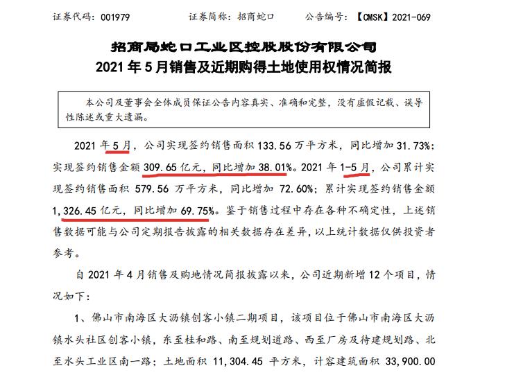 招商蛇口表示,鉴于销售过程中存在各种不确定性,上述销售数据可能与公司定期报告披露的相关数据存在差异,以上统计数据仅供投资者参考。
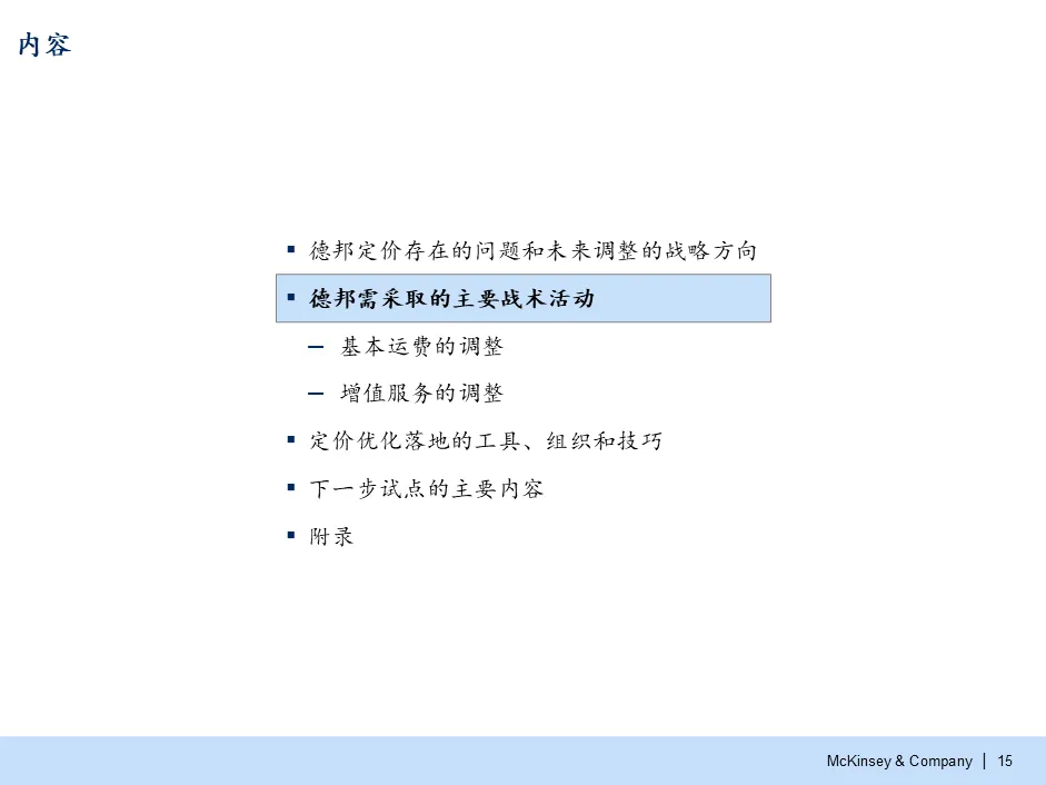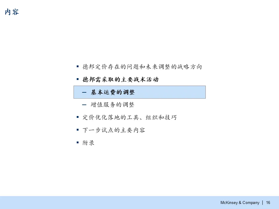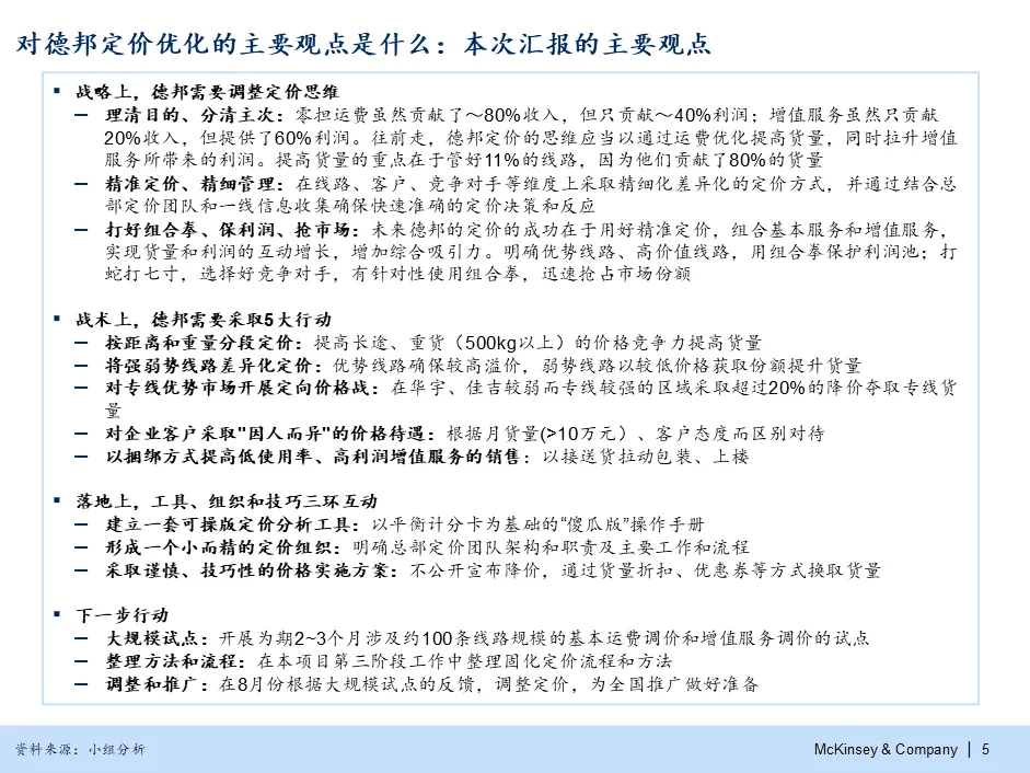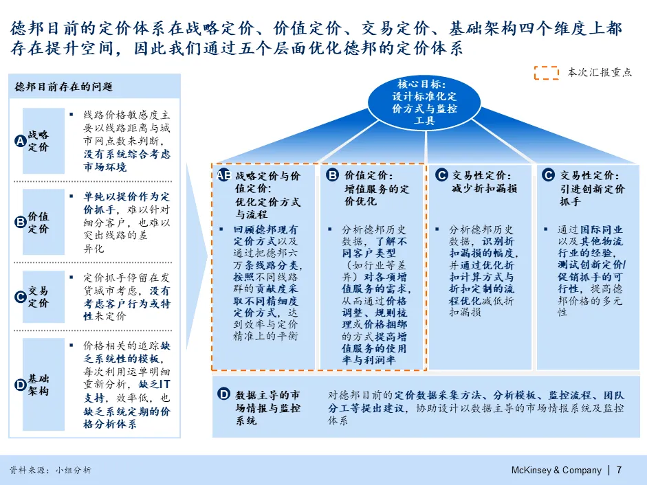 本报告聚焦德邦物流定价体系优化项目,通过麦肯锡公司主导的四阶段工作框架,系统性解决传统定价模式存在的效率低下、成本控制薄弱等问题。
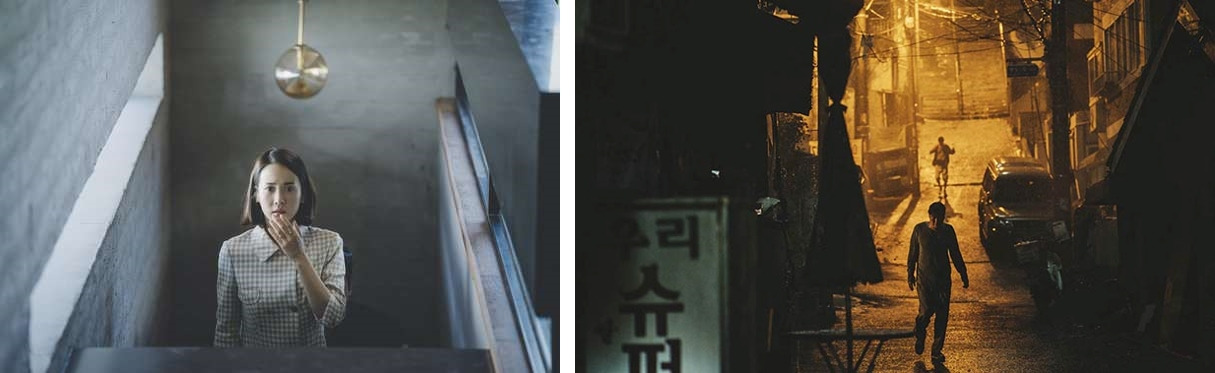 다음으로는 영화 기생충이다. 기생충에서는 계단이 많은 이야기를 이끌어 나가는 요소와 무대로 작용한다. 계단을 오르며 가정부가 피 토하는 모습을 보는 장면, 가정부가 다시 집으로 돌아와 계단을 통해 지하로 내려가 남편을 만나는 장면들은 계단을 통한 무대의 등장으로 그 효과를 더하고 있다. 이후 계단을 굴러 내려와 가정부가 죽는 장면부터 폭우 속 계단을 내려와 물에 잠긴 집으로 가는 장면 속에서는 제물로 바쳐진 후 꺼져가는 심장이 계단 아래로 굴러 떨어지는 것처럼 계단을 통과하며 파괴되는 생명과 삶을 보여준다.
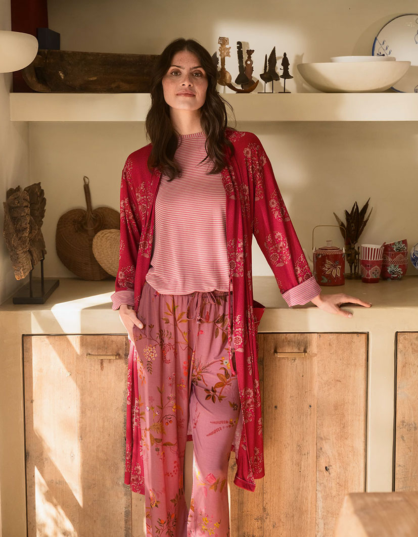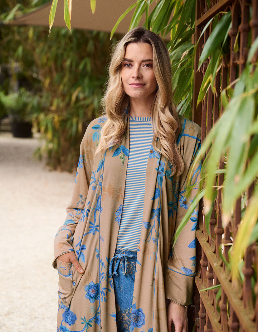 Loungewear-serien från Pip Studio ger komfort och elegans i mjuka tyger med ikoniska mönster. Plagg som pyjamas, morgonrockar och lounge-byxor är dekorerade med Pip-stilens typiska blommotiv eller romantiska fågelmotiv, vilket gör att avkoppling och stil går hand i hand.
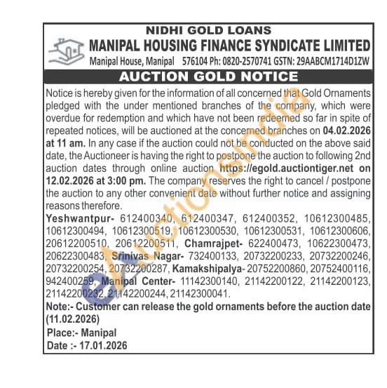 MANIPAL HOUSING FINANCE SYNDICATE LIMITED Gold Auctions Auction in Bengaluru
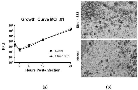 Replication of Nedel in vitro. (a) Growth Curves of Strain 333 and Nedel in Vero cells. Data points are the mean of three separate titrations and error bars reflect SEM. (b) Epoxy-resin-embedding transmission electron microscopic images of Strain 333 and Nedel in Vero cells.
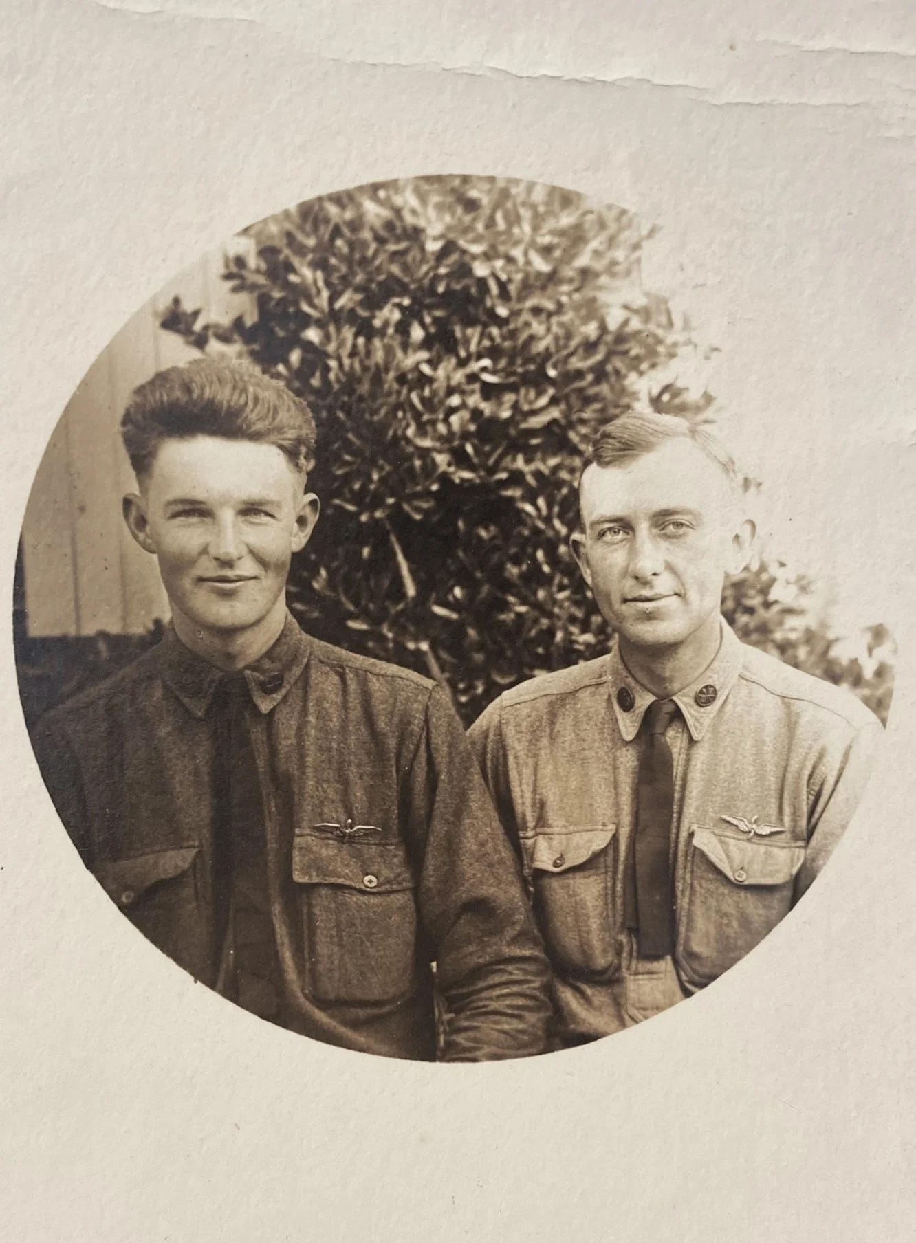 A comprehensive unit history of the 4th Motor Mechanics remains unavailable, but it appears that the regiment was first tasked with the maintenance and repair of AEF vehicles. However, the unit was redesignated in September as the 4th Air Service Motor Mechanics of the US Army Signal Corps, and they were employed in the repair and maintenance of aircraft. This overseas photograph depicts Robert with PFC Morgan Burkam while stationed in France. Notice the Air Service pins affixed to their uniforms.
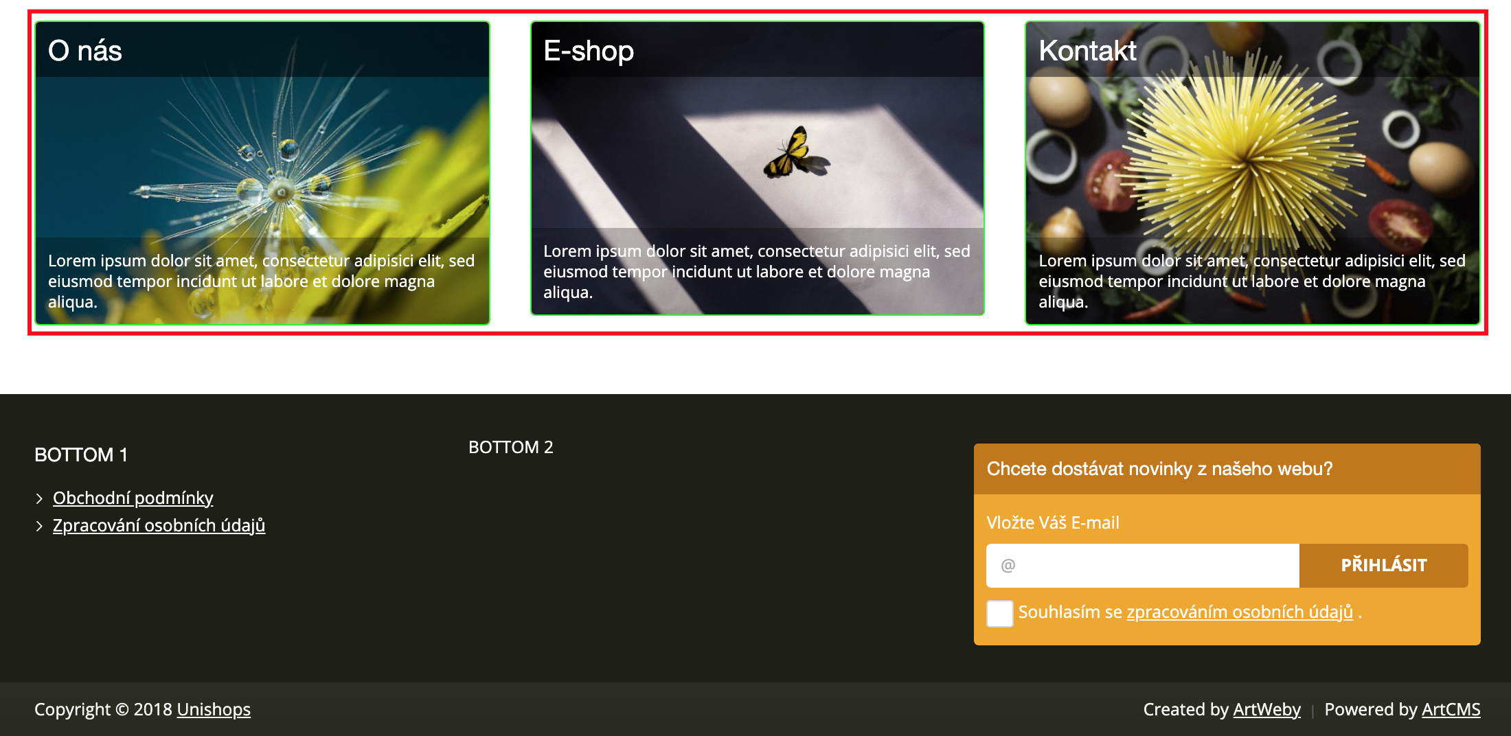 - seznam bannerů v těle úvodní stránky (O nás, E-shop, Kontakt, ...)
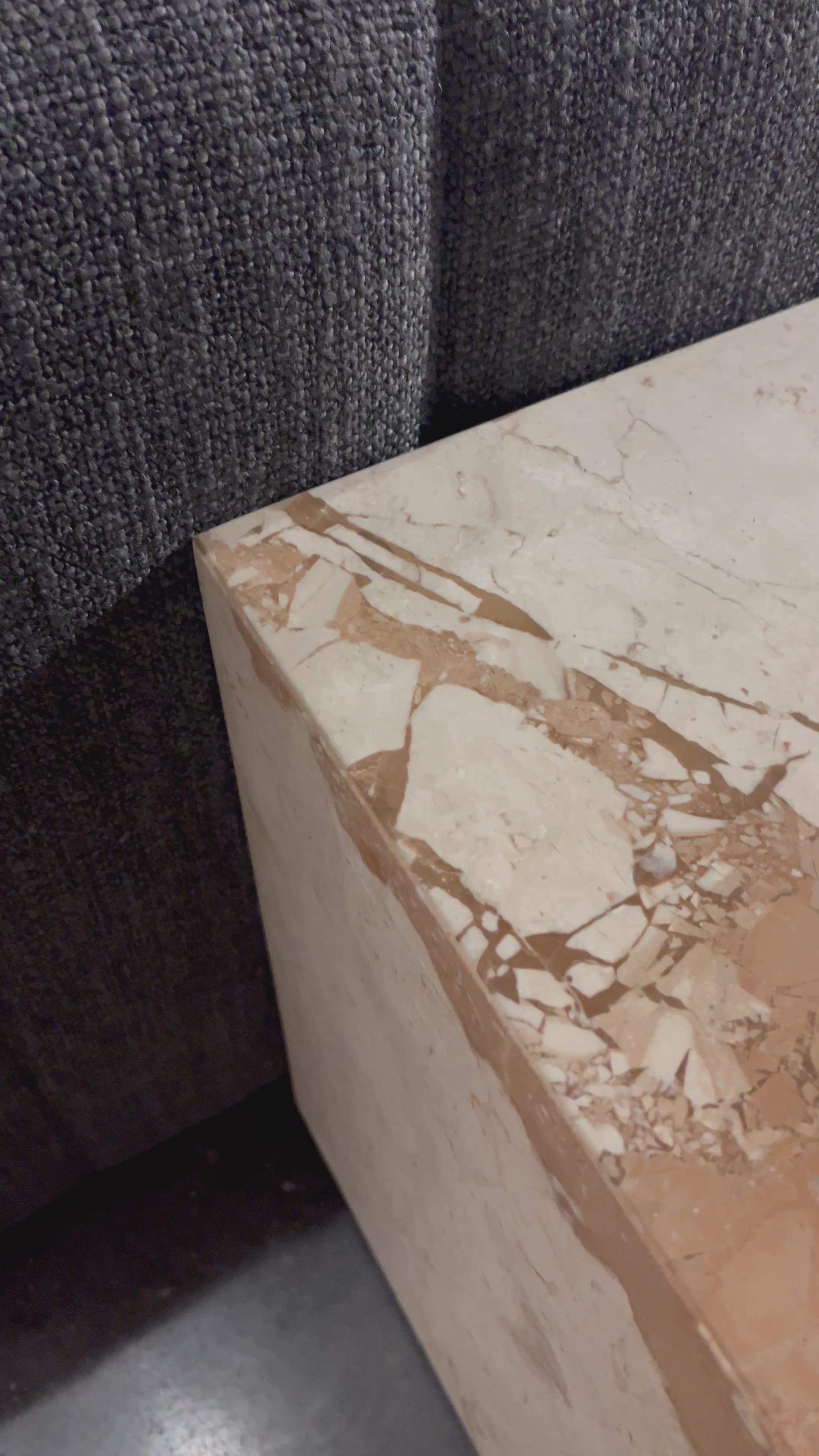 Taupe marble shapes a cubed, plinth-style end table that can be styled just about anywhere.
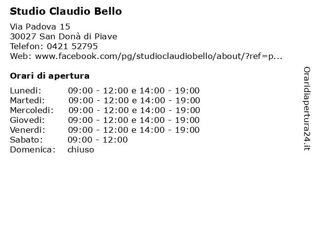 | Venerdi | 09:00-12:00 e 14:00-19:00 |
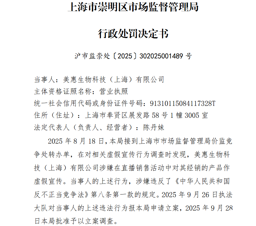 上海市市场监管局公布的行政处罚决定书显示,美惠生物科技(上海)有限公司为上海菌小宝健康科技有限公司的“菌小宝系列”产品在电商渠道的经销商。
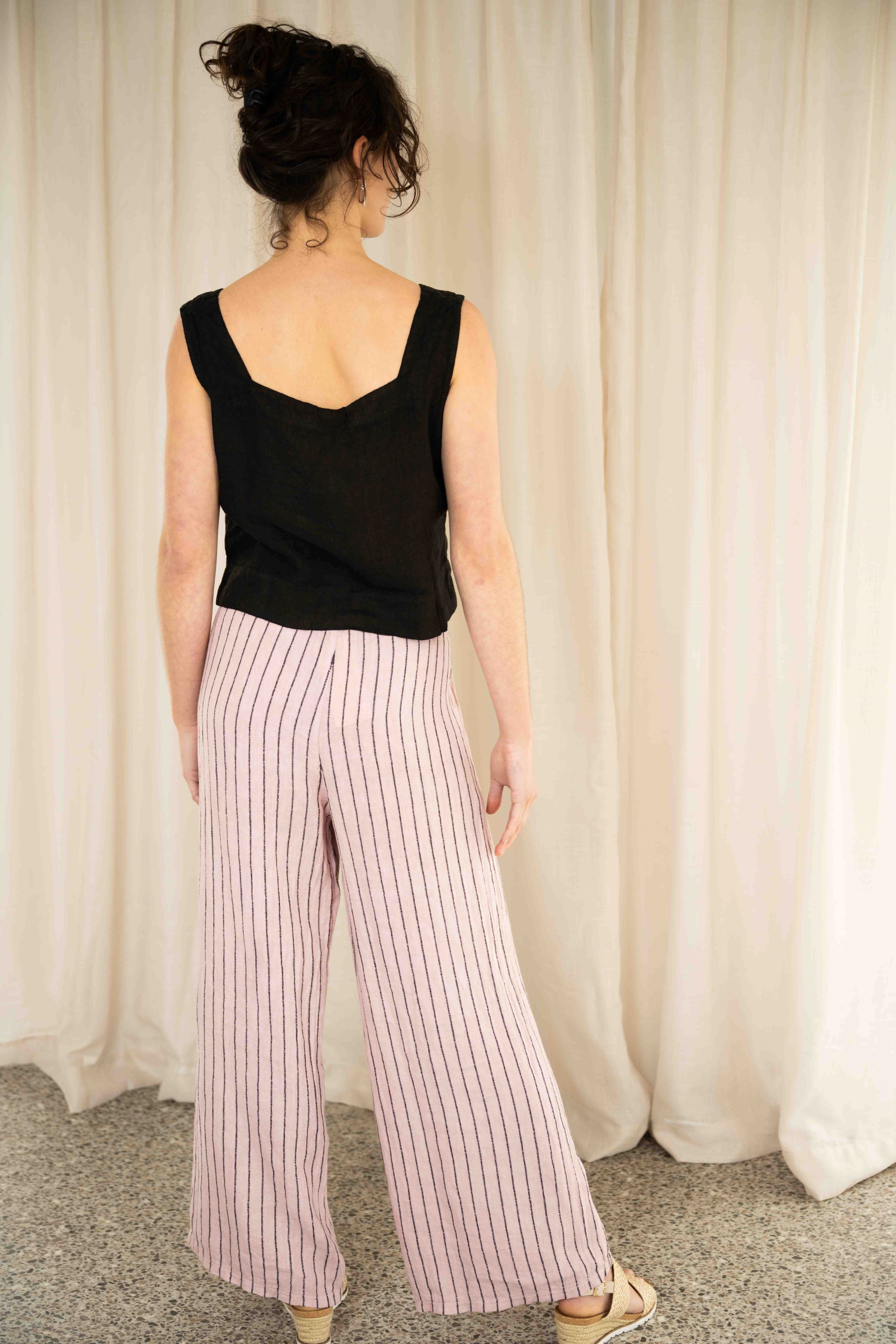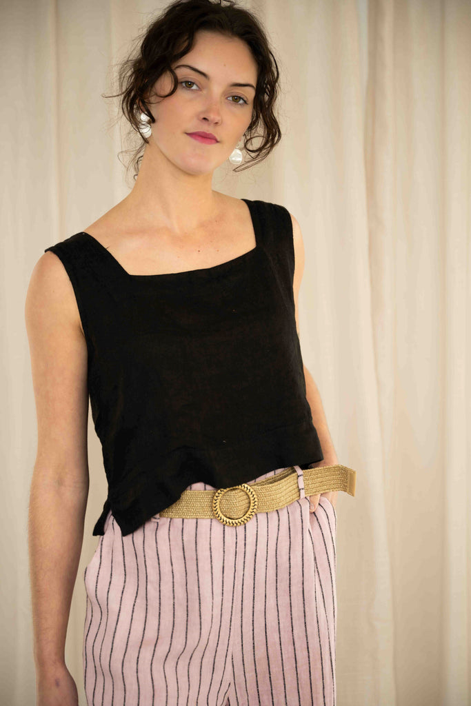 Shown here with the Salvatore Pants in Pink for contrast, the Surfers Cropped Top in Black easily pairs with everything from tailored linen to relaxed denim. Dress it up, keep it casual, or layer it through the seasons — it's a go-to staple you'll reach for again and again.
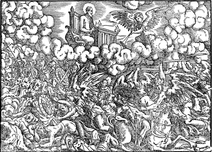 Description: An angel sounds the sixth trumpet and causes the attack of an army of angels and lion-like horses.

WHAT YOU WILL DO ->
Leaving every picture out, please copy exactly the lines from the one holding "- seznam bannerů" through the last line of the listing, both ends included.

EXERCISE RESPONSE ->
 - seznam bannerů v těle úvodní stránky (O nás, E-shop, Kontakt, ...)
 Taupe marble shapes a cubed, plinth-style end table that can be styled just about anywhere.
 | Venerdi | 09:00-12:00 e 14:00-19:00 |
 上海市市场监管局公布的行政处罚决定书显示,美惠生物科技(上海)有限公司为上海菌小宝健康科技有限公司的“菌小宝系列”产品在电商渠道的经销商。
 Shown here with the Salvatore Pants in Pink for contrast, the Surfers Cropped Top in Black easily pairs with everything from tailored linen to relaxed denim. Dress it up, keep it casual, or layer it through the seasons — it's a go-to staple you'll reach for again and again.
 Description: An angel sounds the sixth trumpet and causes the attack of an army of angels and lion-like horses.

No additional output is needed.